1. GOAL of the course
• 데이터마이닝의 기본 개념들
• 데이터 전처리 (data preprocessing)
• Association, correlation, and frequent pattern analysis
• Classification
• Cluster and outlier analysis
• Data Mining: Industry efforts and social impacts
2. Technology Trend
• Explosive growth of data : from terabytes to petabytes
↪ Big data, Internet of Things, Web2.0, Scientific simulation
• Motivation of Data Mining
↪ Information is often hidden in data, but much of the data is not analyzed at all
↪ Unprecedented amounts of data are being generated and collected (computing and storage technologies), but most of data are just kept stored
• Internet of Things , Machine-to-Machine, Smarter Planet
↪ sensors in our daily life , with wireless network
↪ Wireless Network > Sensor Streams > Data mining and knowledge discovery
• Web 2.0
↪ Web 2.0 site allows users to interact and collaborate with each other in a social media dialogue
↪ Social networking sites (Facebook, Twitter) , Blogs, Wikis, Photo/Video sharing sites
↪ Social networking sites → data is modeled using a graph
• Scientific Simulations
↪ Data-centric science: through scientific simulations and observations data is produced
↪ Empirical science → theoretical science → computational science → data science
↪ ex.
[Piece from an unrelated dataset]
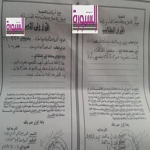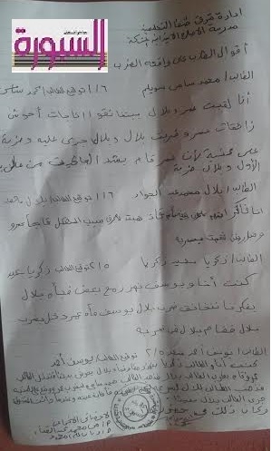 وفى سياق متصل قامت الإخصائية الاجتماعية بالمدرسة بعمل تحقيق داخلى بالواقعة، واستدعت ولى أمرالتلميذ بلال عبد الجواد، ثم قامت بفصله يوما طبقا للوائح المنظمة للجنة الانضباط المدرسى التى أقرتها وزارة التعليم, كما قامت بتسجيل شهادة زملاء التلميذ المصاب والمعتدى وأخذ أقوالهم بخط أيديهم على ما حدث للتلميذ المصاب الذى تبين أنه شجار بين تلاميذ فى سن الطفولة تسبب فى وقوع الحادث وبشهادة زملاء التلميذ والطفل المعتدى الذين أقروا أنهم كانوا يلعبون مع بعضهم ثم تطور اللعب لإصابة زميلهم دون قصد من المعتدى.
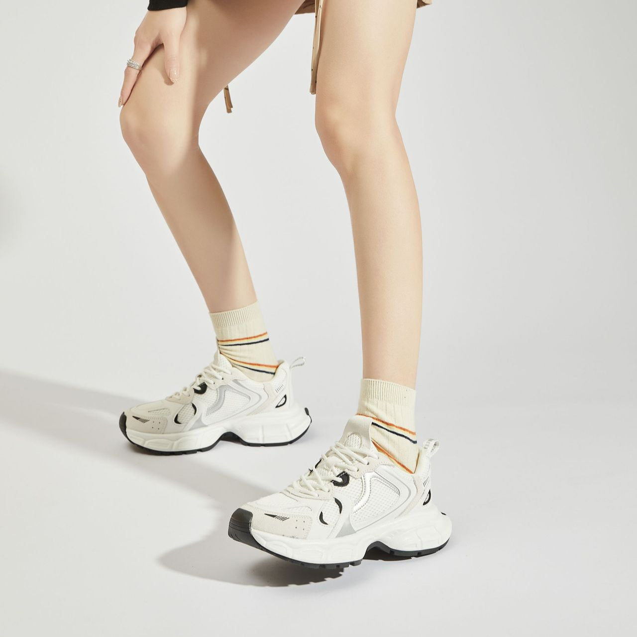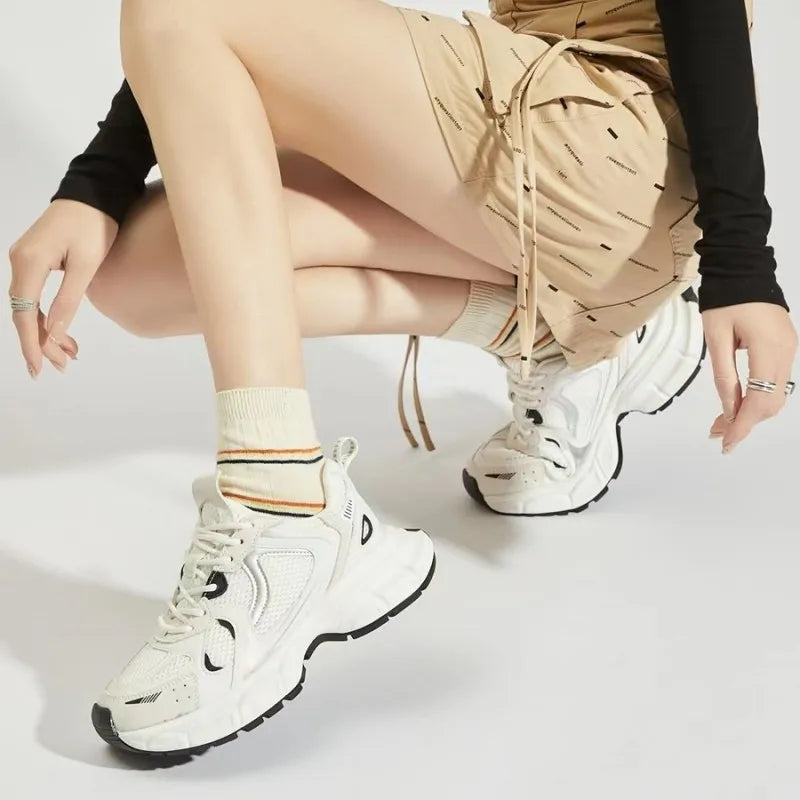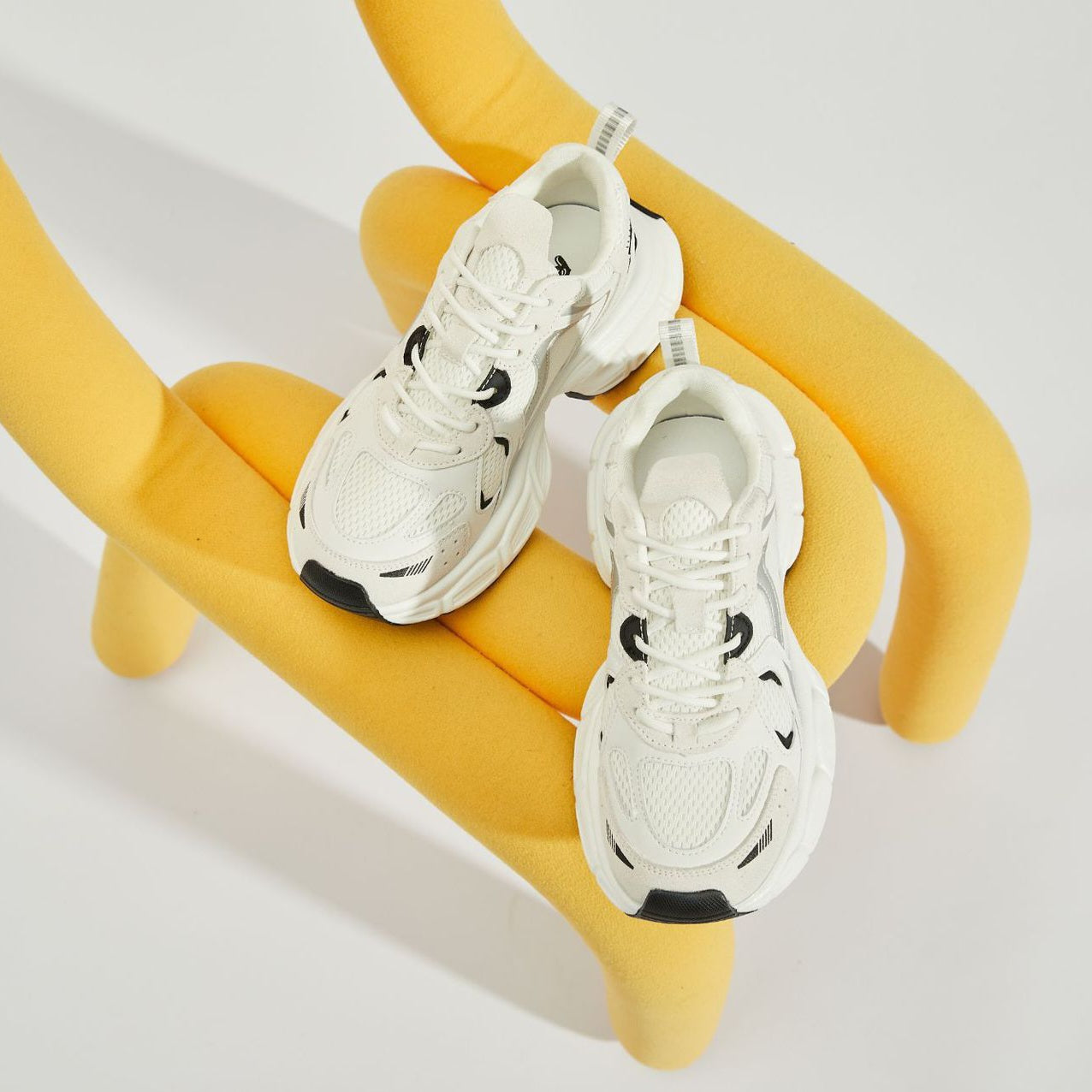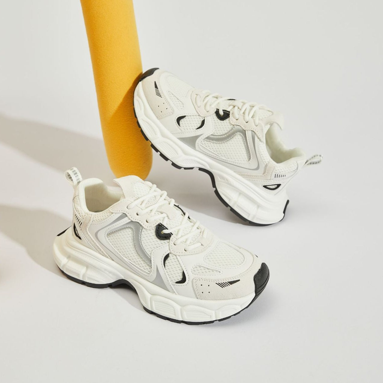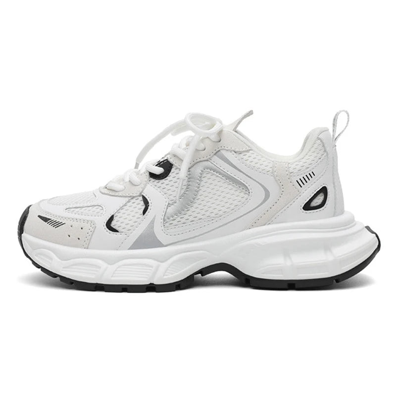 The classic white colourway has subtle black accents. creating a versatile look. The chunky sole is engineered for comfort and style.

NASA Center for Climate Simulation (NCCS) - satellite observational data, Particle accelerator, DNA sequencing
↪ It is very important to efficiently analyze the vast amount of data generated by observations and simulations to facilitate scientific research
3. Introduction to Data Mining
• Data mining
↪ knowledge discovery from data
↪ Extraction of interesting (non-trivial, implicit, previously unknown, and potentially useful) patterns or knowledge from huge amounts of data
↪ Exploration & analysis, by automatic means, of large quantities of data in order to discover meaningful patterns
↪ 다른 명칭 : Knowledge Discovery from data (KDD), Machine learning, Knowledge extraction
• Not Data Mining
↪ ex1. Look up phone numbers in a phone → simple searching
↪ ex2. Query a Web search engine for the information about "Amazon" → simple keyword search
↪ Simple searching is not considered as data mining
• Knowledge discovery process
↪ data mining is a part of KDD
↪ (Data) → selection → (target data) → preprocessing → (preprocessed data) → transformation → (transformed data) → Data mining → (patterns) → interpretation / evaluation → knowledge
▸ Preprocessing : Data Cleaning (noise, error), Data Integration, Feature selection
▸ Transformation : some algorithm requires a specific data format
▸ Interpretation/Evaluation: Analysis, Visualization by a human expert
• Predictive data analytics
↪ One of the topics in data mining
↪ Progression from data to insights to decisions
↪ Art of building and using models that make predictions based on patterns extracted from historical data
• Beginning of Data mining
↪ Dr.Rakesh Agrawal's pioneering work imid-1990s's: Association rules (e.g market basket analysis), Apriori algorithm (how often two sets of items occur), Sequential patterns
• Confluence of multiple disciplines
↪ Tremendous amount of data: higperformancece computing techniques to handle
↪ high dimensionality of data
↪ high complexity of data type: data streams and sensor data, Time-series data, sequence data, trajectory data, social network data, graph-structured data → heterogeneous data types
• sub-fields in data mining
• Data mining and privacy
↪ Data mining should NOT violate the privacy of the data owners
↪ Privacy-preserving data mining is an important direction in data mining
• 데이터마이닝 분야 저널/컨퍼런스
↪ KDD conference: KDD, ICDM, SDM
↪ Journal: IEEE, TKDE, DMKD, TKDD
4. Example
• Association Rule Discovery
↪ predict the occurrence of an item based on occurrences of other items
• Market Basket analysis
↪ An example of association rule discovery
↪ Goal: to identify items that are bought together by sufficiently many customers
↪ ex. diaper and beer
• Classification
• Direct marketing
↪ Goal: reducing the cost of mailing by targeting a set of consumers likely to buy a new product
↪ ex. 카카오톡 지그재그 메시지
• Clustering
↪ Grouping data to form new categories (clusters)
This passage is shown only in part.